### TASK DETAILS:
Your answer must be the exact lines of the listing below that run from the line with "Royce 1 seater" to the line with "Instead of beachy", ends included, and no pictures.

### RECORDS TO USE:
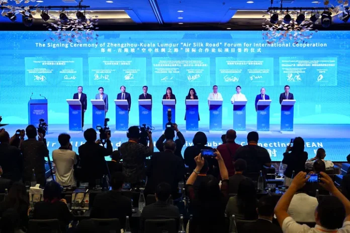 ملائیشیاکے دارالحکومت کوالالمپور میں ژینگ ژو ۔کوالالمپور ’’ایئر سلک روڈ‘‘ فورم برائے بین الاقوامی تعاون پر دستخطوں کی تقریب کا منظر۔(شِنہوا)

* * *

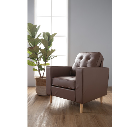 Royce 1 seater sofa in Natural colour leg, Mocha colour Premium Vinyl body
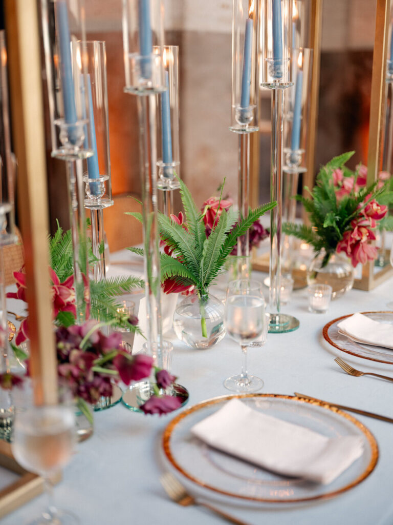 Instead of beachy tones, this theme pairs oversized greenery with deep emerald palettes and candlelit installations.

---

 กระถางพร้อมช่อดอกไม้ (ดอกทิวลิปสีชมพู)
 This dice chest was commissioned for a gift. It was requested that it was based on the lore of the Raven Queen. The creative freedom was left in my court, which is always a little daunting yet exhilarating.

### EXERCISE SOLUTION:
 Royce 1 seater sofa in Natural colour leg, Mocha colour Premium Vinyl body
 Instead of beachy tones, this theme pairs oversized greenery with deep emerald palettes and candlelit installations.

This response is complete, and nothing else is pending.